I tried very hard to shorten that title. I wanted it accurate, descriptive, and free of buzzwords. What I’m building isn’t “AI for healthcare” or anything flashy — it’s a tool meant to help an average person survive the absolute nightmare that is working with insurance companies, armed only with their own medical records.
I’ve been unable to work since late 2023. My employer did more than they had to — genuinely — and long-term disability insurance was part of my benefits package for a reason. Working with them was stressful, but manageable… until January of 2024.
A new case manager was assigned mid-review. From the very first call, the message was clear — unstated, but unmistakable: my coverage would end, and they would find a “reasonable reason” to do it.
That was the start of this project.
The problem isn’t documents
I had documents. Lots of them.
Hundreds of files. Thousands of pages. And easily four times that number in accidental duplicates. “Save everything” is good advice, but reality is messy — providers resend the same thing in different formats, systems change, humans make mistakes.
I’ve got documents, they are less useful — and much more uncomfortable — than toilet paper.
The real problem isn’t documentation.
It’s context , narrative , focus , and engagement .
Turning thousands of disconnected pages into something coherent, defensible, and human-readable is the hard part.
A concrete slice of the problem
So I started breaking the problem into smaller vertical slices, working when I could. Some days I can’t make progress at all. Other days I get a few hours.
Here’s one of the more concrete POCs to come out of that work.
I was given a single PDF, over 1,500 pages long. Multiple providers. Multiple templates. Multiple document styles. And I needed to answer one question. The answer was in there somewhere — maybe one sentence long.
This repo shows that proof-of-concept:
https://github.com/Yummyfudge/poc_embedding_query_engine
I embedded the document using BAAI/bge-large-en-v1.5, used a Qwen-based inference model, and wrote code that understood the shape of the question I was asking. It took me about two days to reliably get the answer.
The harder part is turning that into something general.
This is not “just RAG”
What I’m building isn’t a chat system and it’s not “throw context at an LLM and hope.” It’s a query engine that deliberately separates responsibilities:
- LLMs for reasoning
- ML for representation
- Math for ranking
- Code for control
That separation is what might make it reliable. (In theory.)
So far? I’d give the current state a C-. It answers some questions well and misses others embarrassingly. That’s honest.

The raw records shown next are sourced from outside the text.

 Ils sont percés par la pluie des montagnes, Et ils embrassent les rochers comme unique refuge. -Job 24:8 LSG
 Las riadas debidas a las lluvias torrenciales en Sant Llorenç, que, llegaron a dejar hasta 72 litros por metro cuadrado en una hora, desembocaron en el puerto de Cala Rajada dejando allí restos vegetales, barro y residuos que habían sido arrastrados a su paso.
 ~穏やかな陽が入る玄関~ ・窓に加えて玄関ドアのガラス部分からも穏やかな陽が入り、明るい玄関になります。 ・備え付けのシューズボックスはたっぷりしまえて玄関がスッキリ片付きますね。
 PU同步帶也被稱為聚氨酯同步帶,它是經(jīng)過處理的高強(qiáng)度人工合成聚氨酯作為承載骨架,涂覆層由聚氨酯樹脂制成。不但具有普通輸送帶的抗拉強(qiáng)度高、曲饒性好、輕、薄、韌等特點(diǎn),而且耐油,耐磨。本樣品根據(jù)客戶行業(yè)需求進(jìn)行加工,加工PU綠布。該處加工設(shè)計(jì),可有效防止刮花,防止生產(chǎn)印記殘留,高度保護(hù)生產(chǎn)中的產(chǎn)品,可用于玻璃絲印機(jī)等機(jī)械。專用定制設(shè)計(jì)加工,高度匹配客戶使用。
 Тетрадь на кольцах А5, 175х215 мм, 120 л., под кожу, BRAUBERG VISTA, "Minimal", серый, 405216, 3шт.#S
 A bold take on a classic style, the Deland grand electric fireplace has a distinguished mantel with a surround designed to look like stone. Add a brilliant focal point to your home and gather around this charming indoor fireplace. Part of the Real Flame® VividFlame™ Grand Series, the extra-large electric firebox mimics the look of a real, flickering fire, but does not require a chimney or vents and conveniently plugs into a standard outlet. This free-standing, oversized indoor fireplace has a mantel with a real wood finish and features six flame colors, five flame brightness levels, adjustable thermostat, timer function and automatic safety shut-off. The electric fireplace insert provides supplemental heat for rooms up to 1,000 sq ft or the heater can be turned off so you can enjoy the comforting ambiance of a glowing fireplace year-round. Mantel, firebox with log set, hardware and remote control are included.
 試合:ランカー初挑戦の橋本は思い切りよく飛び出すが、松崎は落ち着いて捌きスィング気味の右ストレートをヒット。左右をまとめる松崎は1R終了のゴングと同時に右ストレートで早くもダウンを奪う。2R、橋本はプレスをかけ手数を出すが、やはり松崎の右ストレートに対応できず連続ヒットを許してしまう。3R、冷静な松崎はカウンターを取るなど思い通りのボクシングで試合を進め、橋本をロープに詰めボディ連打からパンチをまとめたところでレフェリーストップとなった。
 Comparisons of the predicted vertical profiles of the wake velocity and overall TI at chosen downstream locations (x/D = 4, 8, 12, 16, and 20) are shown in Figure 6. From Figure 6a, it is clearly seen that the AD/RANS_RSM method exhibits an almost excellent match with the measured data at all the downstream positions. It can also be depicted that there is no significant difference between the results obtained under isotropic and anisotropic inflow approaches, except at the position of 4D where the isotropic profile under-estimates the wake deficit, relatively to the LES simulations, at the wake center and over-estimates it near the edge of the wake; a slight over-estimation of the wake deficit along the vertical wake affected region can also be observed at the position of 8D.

Going upstream: document intake and OCR
Upstream from that work, I also built another POC focused on document intake and OCR:
https://github.com/Yummyfudge/poc-ocr
The goal there wasn’t just OCR, but normalization and comparison. Medical documents are messy — you can’t just hash them. I ended up running documents through multiple OCR pipelines, assigning confidence scores, and using deterministic fingerprints on fuzzy-matched content.

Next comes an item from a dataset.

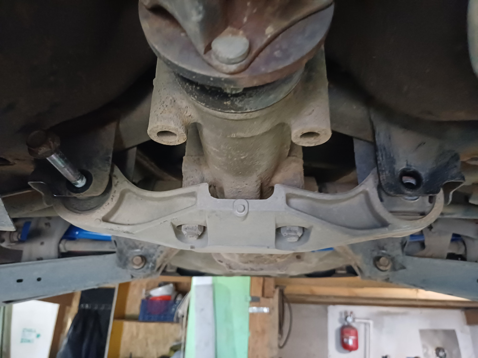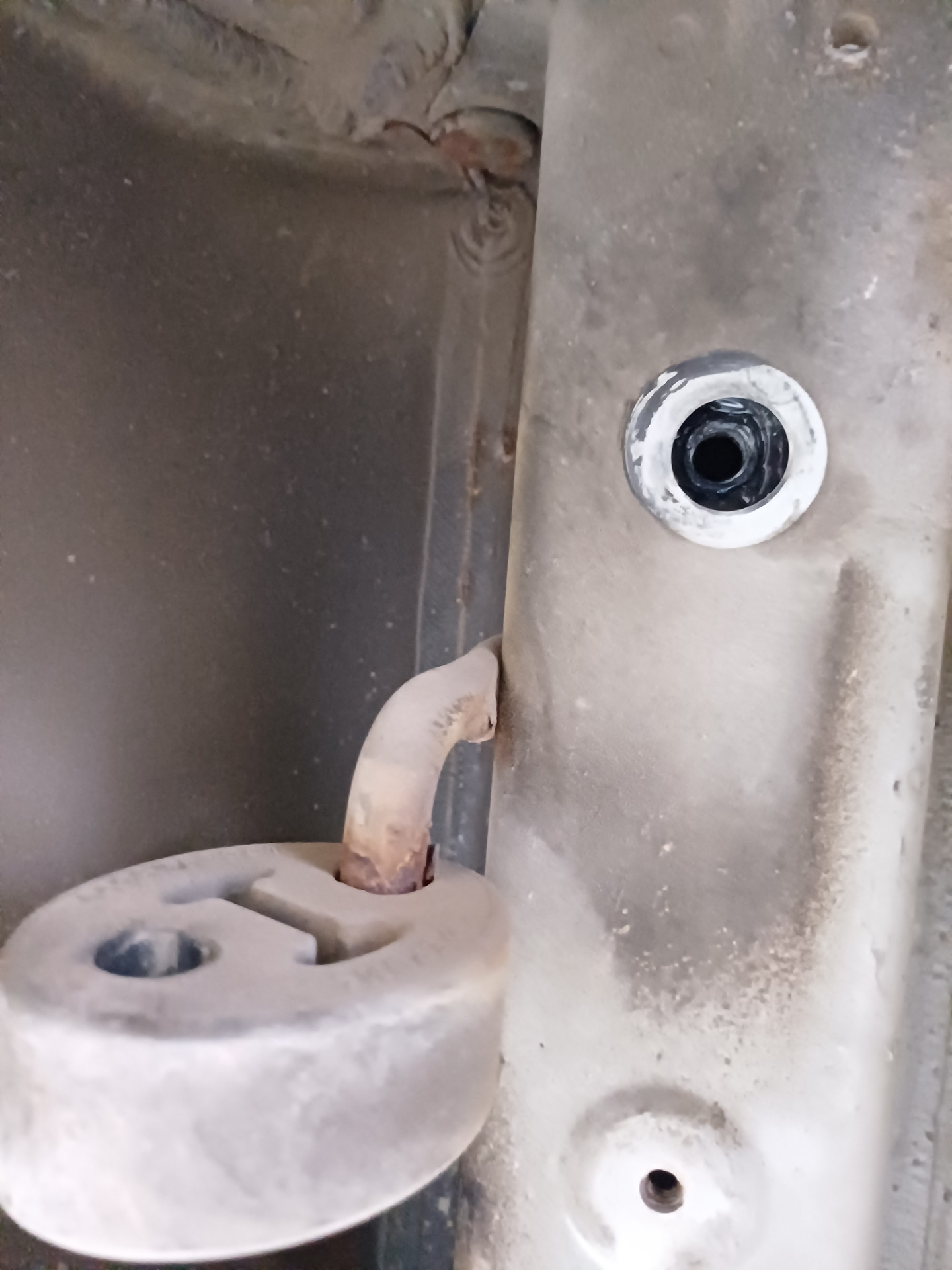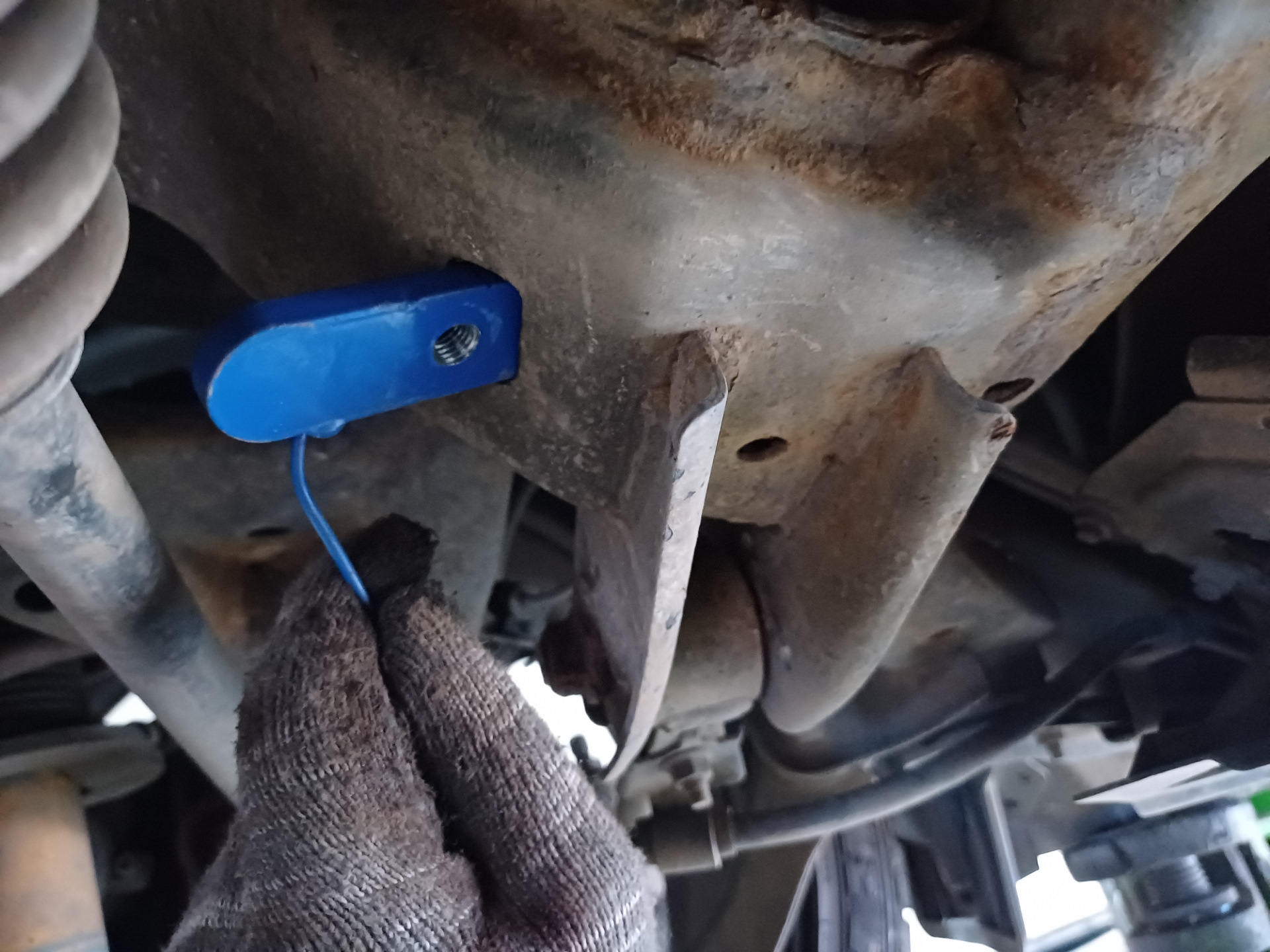 1. Усилитель заднего подрамника — в инструкции к установке написано открутить одно заднее колесо, но колеса я как раз таки и не снимал, а вот глушитель пришлось открутить.

The result was a system that could reliably accept or reject documents as duplicates, even when they weren’t byte-identical, across providers and vendors.
Why this matters (to me)
Insurance companies have teams of people whose job is to piece together context, narrative, and timing across thousands of pages.
Individuals don’t.
There is nothing available — at any price — that helps an individual take a mountain of paperwork and turn it into a coherent, evidence-backed appeal. Most existing tools focus on retrieval, summarization, or expensive enterprise analysis.
I want to build a tool that assists in crafting a strong narrative — pulling together multiple versions of the same puzzle piece, focusing the argument, and producing something human-readable and defensible.
Not to replace judgment.
Not to automate appeals.
But to give someone fighting for their benefits a fair chance.
Thanks for reading to the end, and for the consideration.